Eifriger Briefeschreiber, schlechter Verlierer

Gorki, der in seinem Leben rund 20.000 Briefe verfasst haben soll, war in seinen Zeilen liebenswürdig und scharfsinnig, aber auch ehrlich bis zur Schonungslosigkeit. Einen Kollegen ließ er wissen: „Es ist sehr traurig für mich zu sehen, dass Sie immer schlechter, sorgloser und kälter schreiben.“ Aber auch diese Kritik sei nur der „Achtung und Liebe vor Ihrem unbestrittenen Talent“ geschuldet.

Gorki empfing in der Villa Irmgard den Opernsänger Fjodor Schaljapin und den Schriftsteller Alexej Tolstoi. An den Abenden spielte er gern Karten. Er soll ein schlechter Verlierer gewesen sein.

Karin Lehmann glaubt, dass Gorki nicht nur aus gesundheitlichen Gründen in Heringsdorf war. Sie spricht von einer „inneren Emigration“. Es gebe ausreichend Anhaltspunkte dafür, dass einer der bekanntesten Vertreter des sozialistischen Realismus in der Kunst gleichwohl von der Entwicklung in Sowjetrussland nach der Oktoberrevolution enttäuscht gewesen sei.

Auch Lehmann hat vor vielen Jahren eine Krankheit in den Norden geführt. Wegen der asthmatischen Bronchitis ihres Sohnes zog sie von Potsdam an die Ostsee. Zum 50. Todestag Gorkis hat sie 1986 die Ausstellung im Museum neu gestaltet. Seitdem gibt es dort nur noch wenig Texte. „Ich wollte ein Museum zum Anfassen und Begreifen“, sagt sie.

„Menschen werden wie Brüder leben“

Nach der Wende hat es Stimmen gegeben, Gorki passe nun nicht mehr in die Zeit und damit auch das Museum. „Von solcher Bilderstürmerei halte ich gar nichts“, sagt Karin Lehmann.

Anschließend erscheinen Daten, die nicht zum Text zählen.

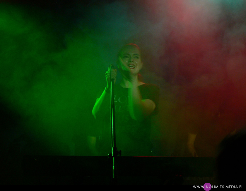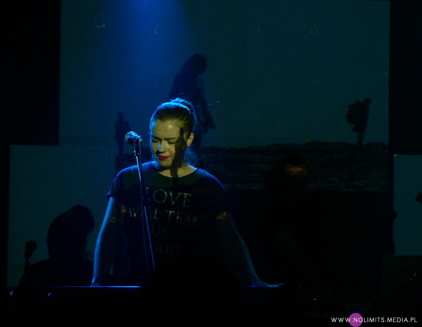 Na szczęście występ Marsheaux odbył się bez podobnych komplikacji. Greczynki pojawiły się na scenie w towarzystwie dwóch muzyków, którzy wyglądali jakby odwalali całą czarną robotę (ale przynajmniej dobrze się przy tym bawili). Panie natomiast ładnie się prezentowały za syntezatorami, na których od czasu do czasu pobrzdękiwały. Chociaż może nie wszystko byłam w stanie dostrzec, bo Sophie i Marianthi nawet w szpilkach są malutkie. Czy zaprezentowały całe „A Broken Frame”, na co można było mieć nadzieję po koncertowych zapowiedziach? Otóż nie, chociaż zagrały prawie wszystkie utwory. Zabrakło „The Meaning of Love”, „A Photograph of You” i „Shouldn’t have done that”. Od typowego koncertu jednej płyty różniło go także to, że „A Broken Frame” zostało zagrane w innej kolejności i było mocno przeplatane autorskimi utworami dziewczyn. A więc zrobił się z tego po prostu zwykły koncert, aczkolwiek koncert miły. Ze swojej twórczości Marsheaux zaprezentowały najbardziej nośne kawałki, takie jak „Summer”, „Exit”, „Come on now” czy „Breakthrough” (szkoda tylko, że nie zagrały „Hanging on”, od którego zaczęła się moja przygoda z nimi). Na żywo nawet super słodkie i wesołe „Dream of a disco” wypadło bardzo przyzwoicie. Było głośno i było elektronicznie, a pokaźna dawka utworów Depeche Mode dała dodatkowo publiczności możliwość pośpiewania. Na scenie prym wiodła Marianthi, która tańczyła za klawiszami, wymachiwała rękoma i bardzo wczuwała się w muzykę. Sophie natomiast była oazą spokoju. Mam wrażenie, że nawet światło częściej padało na tę pierwszą, choć jeśli chodzi o ilość wyśpiewanego tekstu, to chyba proporcje rozkładały się po równo. Nie mam natomiast pojęcia czy dziewczyny śpiewały na żywo. Nie byłam w stanie tego wyłapać przy takim delikatnym, niemal szeptanym śpiewie. Na zakończenie właściwego setu Marsheaux zagrały instrumentalny „Nothing to Fear” – jeden z najmocniejszych, o ile nie najmocniejszy punkt płyty. Potem zostały wywołane na bis by ponownie zaserwować „The sun and the rainfall” – owszem, utwór uwielbiany przez wielu, ale mimo wszystko moim zdaniem mogły się pokusić o coś innego (chociażby o „The meaning of love” ;-)). Tak czy inaczej „A Broken Frame” zostało zaprezentowane godnie.

Als Kompromiss wurde der Name in Museum Villa Irmgard geändert, das Haus erinnert heute nicht nur an Gorki, es ist ein Kultur- und Begegnungszentrum. Doch die Adresse ist immer noch wie zu DDR-Zeiten die Maxim-Gorki-Straße 13. Und viele Besucher kommen nicht zuletzt wegen Gorki. Der hatte bei seiner Abreise ins Gästebuch geschrieben: „Und dennoch und trotz alledem werden die Menschen eines Tages wie Brüder leben.“ Neulich hat sich ein älteres Ehepaar aus Konstanz im Gästebuch auf den Satz bezogen. Er sei „eine ewige Hoffnung, ohne die das Leben trostlos wäre“, heißt es in dem Eintrag.